Последний ребенок шел по жизни не один. Он это знал. Он родился вместе с тенью умершего. Эта тень постоянно присутствовала на его пути. Ему придется с этим жить. Он не восстал против этой вынужденной двойственности, наоборот. Он вписал ее в свою жизнь. До него родился ребенок-инвалид, который дожил до десяти лет. Те, кого не стало, продолжали оставаться членами семьи. Он часто просыпался по ночам, что было теперь свойственно всем в доме. (Уже никто не спал нормально. Сны всегда были печальны.) Ребенок поднимался, понимал, что предчувствие его не подвело. Он заставал отца за чтением у холодного камина. Или мать, сидящую на диване: ее взгляд или был устремлен в пустоту, или блуждал. И тогда он садился рядом с ними и тихонько говорил обо всем и ни о чем. Он предлагал им травяной чай, рассказывал о школе, об аварии с кооперативным грузовичком. Он защищал их, мы все так делаем, когда сидим у кровати захворавшего ребенка. Он, конечно, чувствовал, что это не должно было быть его ролью. Но он также чувствовал, что судьба любит менять людей ролями и что ему нужно приспосабливаться. Такое положение дел не вызывало у него лишних размышлений или особого бунтарства. Все было так, как было. Он был очень добрым. Он улыбался, стоя у камней рано утром во дворе, и многим это могло показаться проявлением наивности — кто улыбается камням? Но мы распознали его благородство, благородство доброты, которое подразумевает смелость открыться миру и уверенность — очень ценное качество, — что чье-нибудь неприятное суждение ни на что не повлияет. Сила доброты делала его самостоятельным, невосприимчивым к глупости, уверенным в своем инстинкте. Доброта стала его щитом, и он, не задумываясь, принял странную семью, в которой родился, — израненных, но мужественных людей, которых он любил больше всего на свете. Поэтому он заботился прежде всего о родителях.

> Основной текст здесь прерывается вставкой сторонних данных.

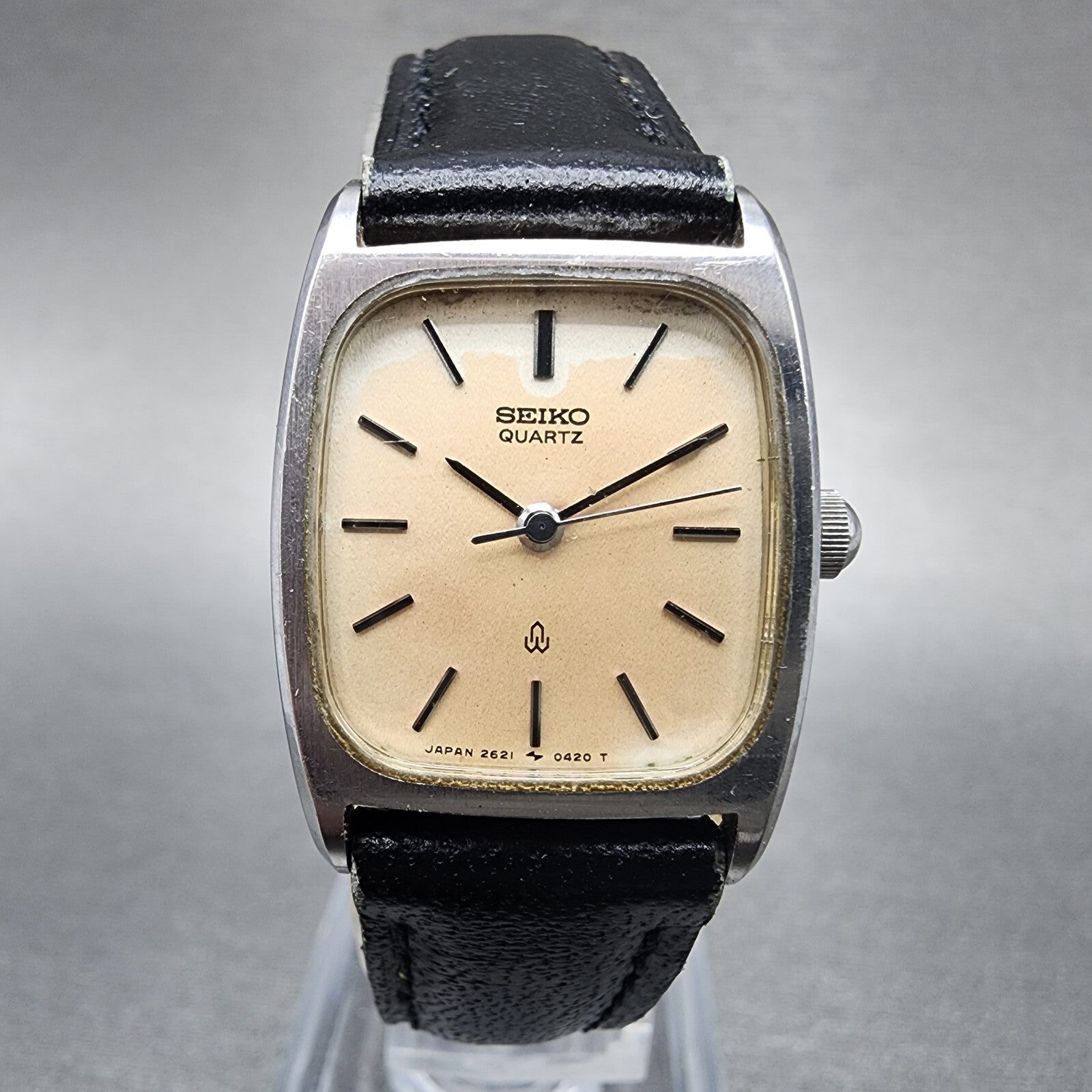 Seiko Watch Women 21mm White Dial Silver Tone Rectangle 2621-5220 New Battery

Их связь была тихой и мощной. Между собой они образовали как будто кокон, их дни шли, и шрамы рубцевались. На его плечи легло бремя возрождения. Оно было одновременно и тяжело, и благодатно. Но такова была его роль. Иногда отец взъерошивал ему волосы нежно, но встревоженно, почти грубо, и это выдавало его страх — страх, что сын уйдет; отцу казалось, что сына надо удержать дома, потому что до него были страдания, а после него не будет ничего. Сын будто занимал какое-то промежуточное положение. Он был одновременно началом чего-то нового и продолжением, переломом и обещанием.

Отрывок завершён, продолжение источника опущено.